GithubHelp home page GithubHelp logo

apple006 / mxnet-model-server Goto Github PK

View Code? Open in Web Editor NEW

This project forked from awslabs/multi-model-server

0.0 1.0 0.0 29.95 MB

Model Server for Apache MXNet is a tool for serving neural net models for inference

License: Apache License 2.0

Shell 3.95% Python 96.05%

mxnet-model-server's Introduction

Model Server for Apache MXNet

ubuntu/python-2.7 ubuntu/python-3.5
Python3 Build Status Python2 Build Status

Apache MXNet Model Server (MMS) is a flexible and easy to use tool for serving deep learning models exported from MXNet or the Open Neural Network Exchange (ONNX).

Use the MMS Server CLI, or the pre-configured Docker images, to start a service that sets up HTTP endpoints to handle model inference requests.

A quick overview and examples for both serving and exporting are provided below. Detailed documentation and examples are provided in the docs folder.

Contents of this Document

Other Relevant Documents

Quick Start

Install with pip

If you plan to use the ONNX features, you will need to have the protobuf compiler installed.

To install MMS with ONNX support, make sure you have Python installed, then for Ubuntu run:

sudo apt-get install protobuf-compiler libprotoc-dev
pip install mxnet-model-server

Or for Mac run:

conda install -c conda-forge protobuf
pip install mxnet-model-server

See the advanced installation page for more options and troubleshooting.

Serve a Model

Once installed, you can get MMS model serving up and running very quickly.

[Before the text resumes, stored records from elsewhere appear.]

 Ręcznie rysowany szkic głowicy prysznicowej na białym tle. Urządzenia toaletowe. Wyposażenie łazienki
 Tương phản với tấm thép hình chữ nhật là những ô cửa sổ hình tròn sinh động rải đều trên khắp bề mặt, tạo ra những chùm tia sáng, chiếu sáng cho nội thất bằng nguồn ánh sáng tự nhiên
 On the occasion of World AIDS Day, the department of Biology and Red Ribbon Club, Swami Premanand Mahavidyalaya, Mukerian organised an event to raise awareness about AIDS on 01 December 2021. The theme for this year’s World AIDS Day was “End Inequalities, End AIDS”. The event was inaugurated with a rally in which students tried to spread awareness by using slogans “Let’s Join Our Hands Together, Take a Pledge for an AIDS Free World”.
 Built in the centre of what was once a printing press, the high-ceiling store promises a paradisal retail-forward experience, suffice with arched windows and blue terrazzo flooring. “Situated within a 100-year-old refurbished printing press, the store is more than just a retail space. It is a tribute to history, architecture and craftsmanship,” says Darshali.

Try out --help to see the kind of features that are available.

mxnet-model-server --help

For this quick start, we'll skip over most of the features, but be sure to take a look at the full server docs when you're ready.

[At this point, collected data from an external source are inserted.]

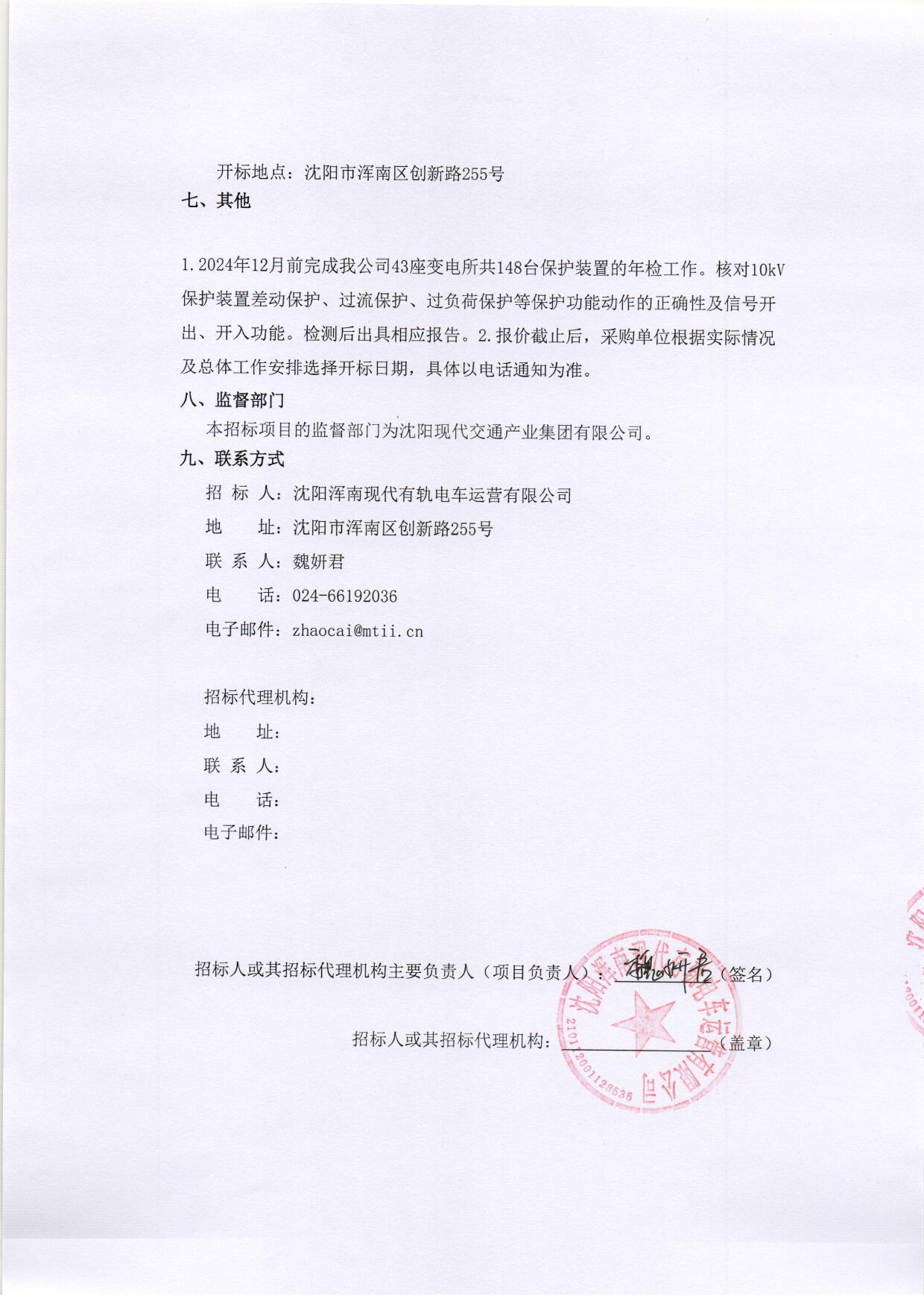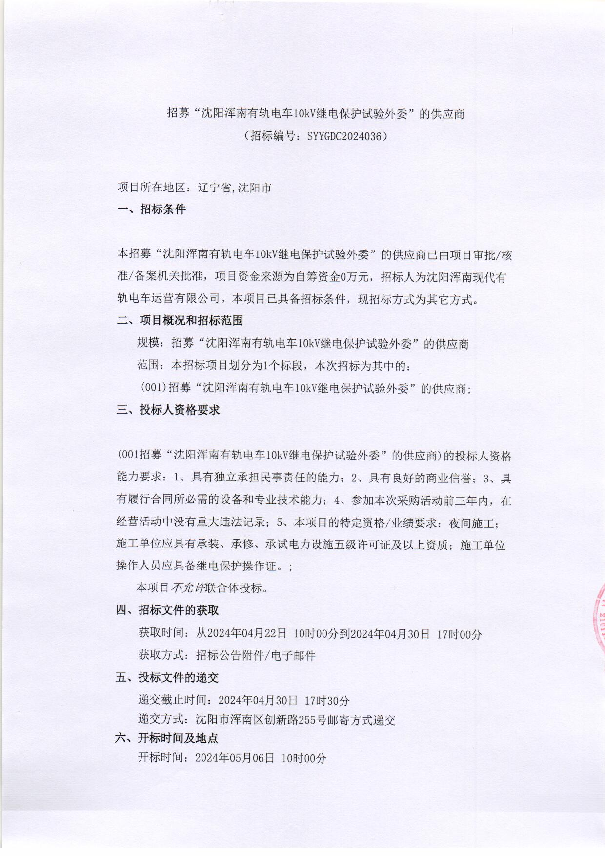 招募“沈阳浑南有轨电车10kV继电保护试验外委”的供应商-递交文件模版及相关说明
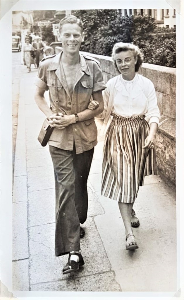 My brother set us the challenge of trying to find the exact spot where my parents were photographed when they visited Falmouth in July 1950. Mum had written ‘Arwenack Street’ in the album beside their snap.
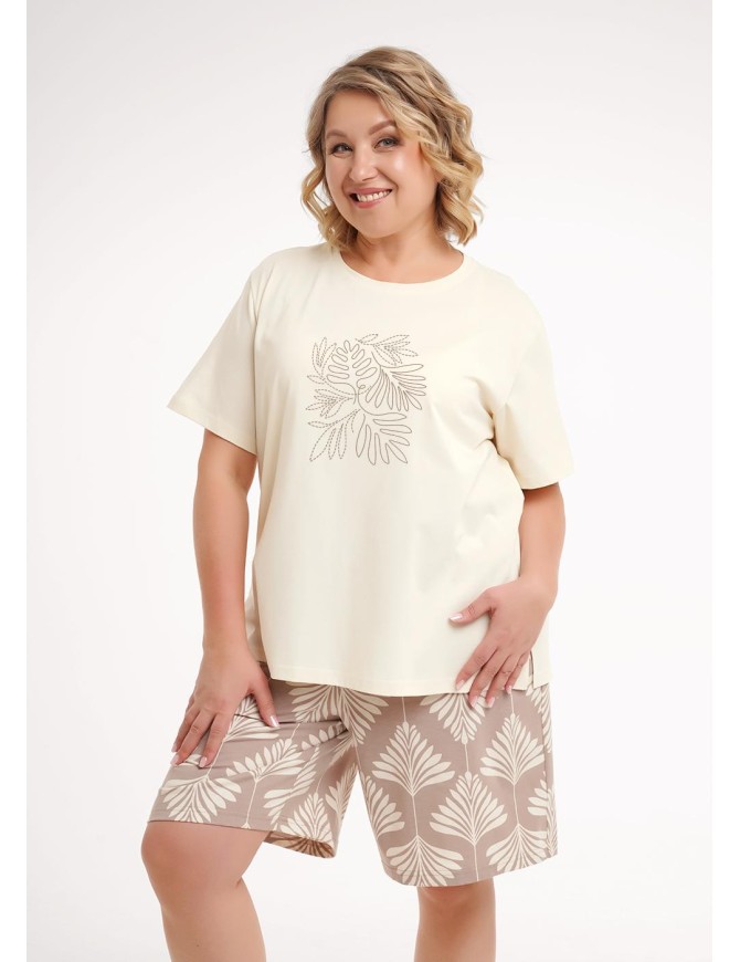 Набор одежды из хлопкового трикотажного полотна. Футболка прямого кроя. Округлая горловина с обтачкой, короткий втачной рукав. Боковые разрезы. Спереди принт вспенка. Шорты свободного кроя, пояс на внутренней резинке. Боковые карманы с отрезным бочком.

Here is an easy example for serving an object classification model:

mxnet-model-server \
  --models squeezenet=https://s3.amazonaws.com/model-server/models/squeezenet_v1.1/squeezenet_v1.1.model

With the command above executed, you have MMS running on your host, listening for inference requests.

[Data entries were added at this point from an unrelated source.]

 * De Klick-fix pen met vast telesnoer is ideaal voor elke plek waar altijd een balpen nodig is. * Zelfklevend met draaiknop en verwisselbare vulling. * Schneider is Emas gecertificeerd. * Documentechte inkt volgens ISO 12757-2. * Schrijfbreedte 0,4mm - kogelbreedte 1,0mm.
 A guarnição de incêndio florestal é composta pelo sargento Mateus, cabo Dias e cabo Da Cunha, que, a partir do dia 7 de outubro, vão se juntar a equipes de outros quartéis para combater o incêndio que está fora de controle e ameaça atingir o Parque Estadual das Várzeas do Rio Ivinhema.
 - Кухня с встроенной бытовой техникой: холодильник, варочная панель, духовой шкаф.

To test it out, you will need to open a new terminal window next to the one running MMS. Then you can use curl to download one of these cute pictures of a kitten and curl's -o flag will name it kitten.jpg for you. Then you will curl a POST to the MMS predict endpoint with the kitten's image.

kitten

In the example below, we provide a shortcut for these steps.

curl -O https://s3.amazonaws.com/model-server/inputs/kitten.jpg
curl -X POST http://127.0.0.1:8080/squeezenet/predict -F "[email protected]"

The predict endpoint will return a prediction response in JSON. It will look something like the following result:

{
  "prediction": [
    [
      {
        "class": "n02124075 Egyptian cat",
        "probability": 0.9408261179924011
      },
      {
        "class": "n02127052 lynx, catamount",
        "probability": 0.055966004729270935
      },
      {
        "class": "n02123045 tabby, tabby cat",
        "probability": 0.0025502564385533333
      },
      {
        "class": "n02123159 tiger cat",
        "probability": 0.00034320182749070227
      },
      {
        "class": "n02123394 Persian cat",
        "probability": 0.00026897044153884053
      }
    ]
  ]
}

You will see this result in the response to your curl call to the predict endpoint, and in the server logs in the terminal window running MMS. It's also being logged locally with metrics.

Other models can be downloaded from the model zoo, so try out some of those as well.

Now you've seen how easy it can be to serve a deep learning model with MMS! Would you like to know more?

Export a Model

MMS enables you to package up all of your model artifacts into a single model archive, that you can then easily share or distribute. To export a model, follow these two steps:

1. Download Model Artifacts (if you don't have them handy)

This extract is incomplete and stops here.